Hardware

Intel’s i9-9900K Is A Bad Value Proposition – Here’s Why You Should Skip It

Intel finally released the i9 series and reviews are finally coming out. AMD was doing extremely well with their current Ryzen CPUs lineup and Intel had to retaliate.

Intel is recently facing a ton of issues with their shift to 10nm and supply shortages, so this i9 series was kind of important for them, to take back some of the lost market share. But, the numbers don’t seem to justify the pricing and the i9-9900K seems to be a very bad value proposition.

Synthetic Benchmarks

The benmarks are sourced from HardwareUnboxed’s great review of the i9-9900K. 

Cinebench R15 benchmark (All Cores)
Source – HardwareUnboxed
Blender Render Times
Source – HardwareUnboxed
PC Mark 10
Source – HardwareUnboxed

Looking at these scores, it’s obvious that the i9 9900K is a very strong performer, but this comes at a hefty price. The i9-9900K is priced at around 579$ US on Newegg, while the Ryzen 2700X is priced at 300$. For someone looking for value, this doesn’t make any sense, the 2700X even manages to beat the 9900K in PCMark 10. The pricing of the 9900K puts it dangerously close to Threadripper levels.
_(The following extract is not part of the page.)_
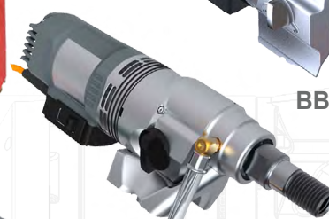
EBL 33 L

For someone whose sole purpose is rendering and other professional workloads are better off getting the Threadripper 2950X priced at around 899$ US.

Gaming Benchmarks

Shadow Of The Tomb Raider Source – HardwareUnboxed
Assassins Creed Oddesy Benchmark
Source – HardwareUnboxed

Intel stated that the i9-9900K was supposed to be the fastest gaming CPU, which does seem to be true here. The i9-9900K manages to stay ahead in Shadow Of The Tomb Raider, while matching the other Intel processors in Assassins Creed Oddesy.

But this is only true for 1080p, in 1440p there’s marginal difference between the CPUs, while all of them match in 4K. So, the i9-9900K only makes sense for people who want high refresh rates in 1080p, but even then you are better off buying the i7-8700K or the Ryzen 2700X and use the extra money for a better GPU.

Power Consumption And Overclocking

The Data here was taken from AnandTech’s review of the i9-9900K. 

Power Consumption (Full Load)
Source – AnandTech

Intel puts the TDP of the i9-9900K at 95W, but it’s inadequate to hit turbo on all cores. The CPU draws a total of 210W with all cores on turbo, which is insane. The stock Intel cooler will be grossly inadequate for this CPU, so a good aftermarket cooler is a must.

Overclocking results aren’t great either, the i9-9900K gets very hot when clocked above 4.8Ghz.

All in all, the i9-9900K isn’t a bad CPU, but it’s not for everyone. If money isn’t really a concern, then the i9-9900K can be a good all rounder choice, but for everyone else, there are better options.